=== BRIEF ===
Begin at the line below that holds "Χώρος: Αίθουσα 319" and end at the line that holds "A highly detailed", transcribing each line exactly and skipping any picture.

=== RECORDS PROVIDED ===
++++++++
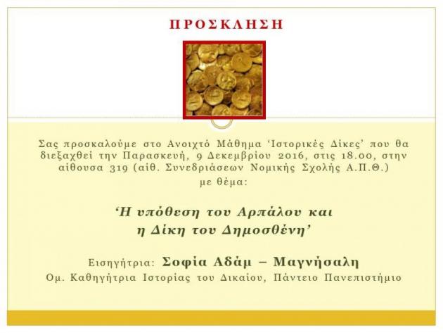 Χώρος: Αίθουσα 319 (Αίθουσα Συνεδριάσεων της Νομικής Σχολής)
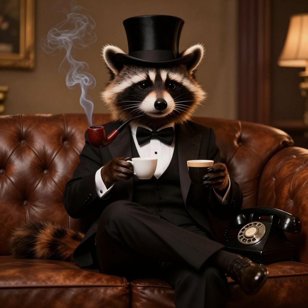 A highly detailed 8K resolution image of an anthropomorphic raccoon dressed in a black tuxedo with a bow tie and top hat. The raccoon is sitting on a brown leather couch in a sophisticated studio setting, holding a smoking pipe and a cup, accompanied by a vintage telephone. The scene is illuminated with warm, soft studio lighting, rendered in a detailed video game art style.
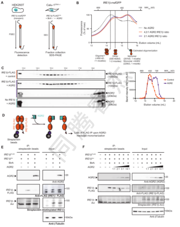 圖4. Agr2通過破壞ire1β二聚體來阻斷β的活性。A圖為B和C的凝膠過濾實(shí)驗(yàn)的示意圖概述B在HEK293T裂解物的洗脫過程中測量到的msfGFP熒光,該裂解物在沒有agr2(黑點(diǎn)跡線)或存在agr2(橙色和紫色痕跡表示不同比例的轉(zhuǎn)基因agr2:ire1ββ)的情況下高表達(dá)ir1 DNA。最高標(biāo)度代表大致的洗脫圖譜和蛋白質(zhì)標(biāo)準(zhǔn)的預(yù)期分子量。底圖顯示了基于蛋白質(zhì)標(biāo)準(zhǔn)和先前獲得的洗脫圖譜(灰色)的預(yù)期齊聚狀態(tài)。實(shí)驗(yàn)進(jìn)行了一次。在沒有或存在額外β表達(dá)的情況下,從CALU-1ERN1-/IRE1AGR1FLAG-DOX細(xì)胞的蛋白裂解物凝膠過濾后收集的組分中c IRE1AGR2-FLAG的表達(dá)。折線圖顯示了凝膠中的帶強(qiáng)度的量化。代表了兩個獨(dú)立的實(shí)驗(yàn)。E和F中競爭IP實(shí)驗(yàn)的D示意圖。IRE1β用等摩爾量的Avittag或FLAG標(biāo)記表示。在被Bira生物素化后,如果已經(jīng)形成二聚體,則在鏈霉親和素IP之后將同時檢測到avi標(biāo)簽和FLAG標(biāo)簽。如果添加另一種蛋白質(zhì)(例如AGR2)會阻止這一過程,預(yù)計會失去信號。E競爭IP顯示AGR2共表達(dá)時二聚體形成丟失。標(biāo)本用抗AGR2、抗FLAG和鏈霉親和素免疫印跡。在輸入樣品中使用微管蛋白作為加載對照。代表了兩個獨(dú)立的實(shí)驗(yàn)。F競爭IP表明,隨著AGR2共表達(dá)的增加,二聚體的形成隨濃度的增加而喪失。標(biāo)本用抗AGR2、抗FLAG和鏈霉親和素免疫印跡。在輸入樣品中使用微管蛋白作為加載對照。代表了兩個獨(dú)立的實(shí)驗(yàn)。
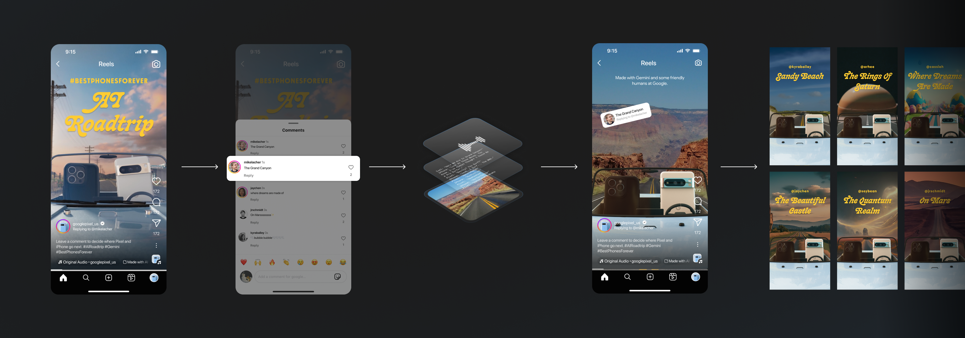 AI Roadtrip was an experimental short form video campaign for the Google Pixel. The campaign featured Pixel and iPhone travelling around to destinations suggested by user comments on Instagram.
++++++++
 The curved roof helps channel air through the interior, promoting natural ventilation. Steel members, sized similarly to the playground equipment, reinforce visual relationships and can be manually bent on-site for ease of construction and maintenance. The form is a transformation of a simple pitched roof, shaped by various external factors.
++++++++
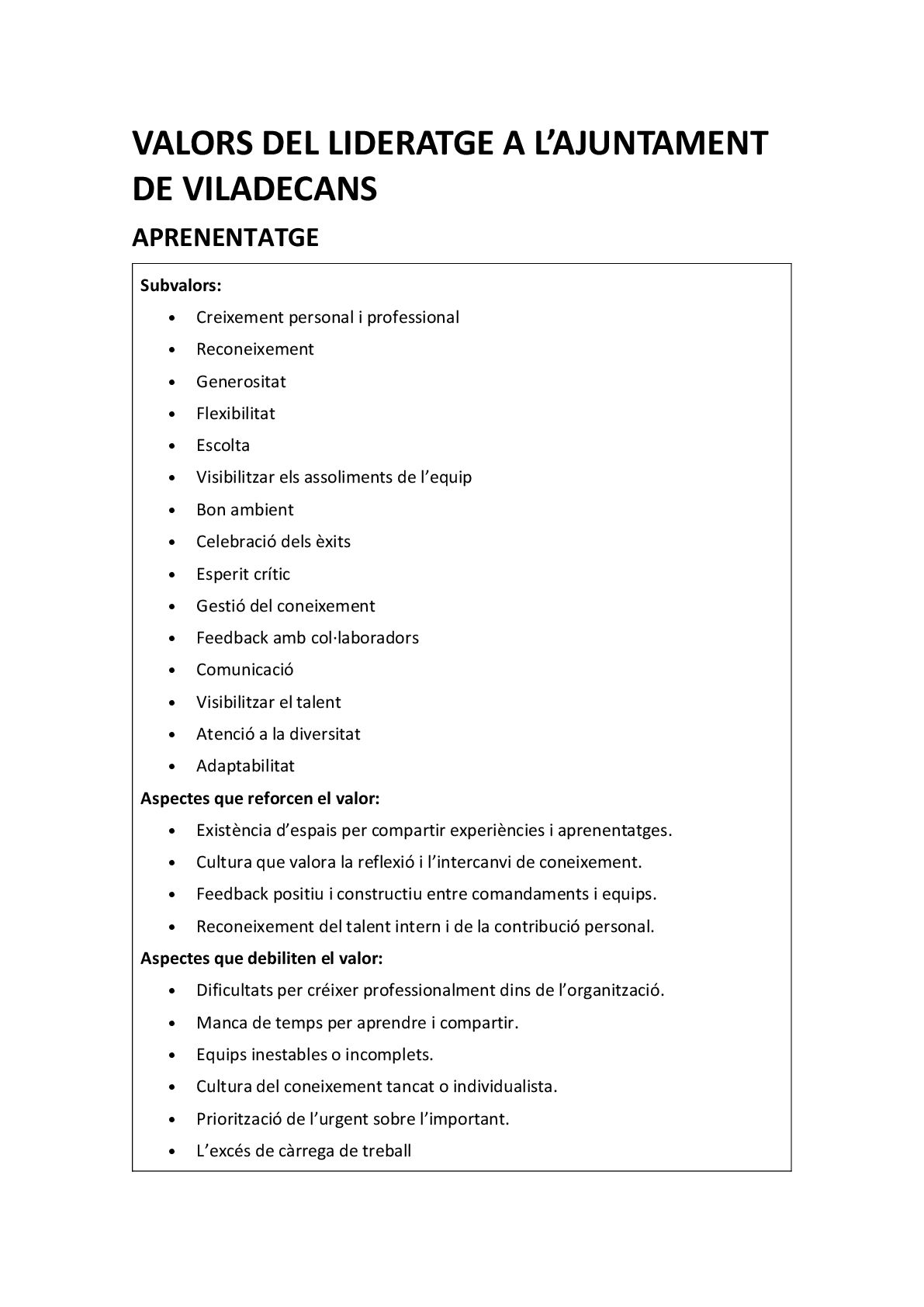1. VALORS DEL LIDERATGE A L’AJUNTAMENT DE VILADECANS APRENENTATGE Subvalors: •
++++++++
=== RESULT OF THE TASK ===
 Χώρος: Αίθουσα 319 (Αίθουσα Συνεδριάσεων της Νομικής Σχολής)
 A highly detailed 8K resolution image of an anthropomorphic raccoon dressed in a black tuxedo with a bow tie and top hat. The raccoon is sitting on a brown leather couch in a sophisticated studio setting, holding a smoking pipe and a cup, accompanied by a vintage telephone. The scene is illuminated with warm, soft studio lighting, rendered in a detailed video game art style.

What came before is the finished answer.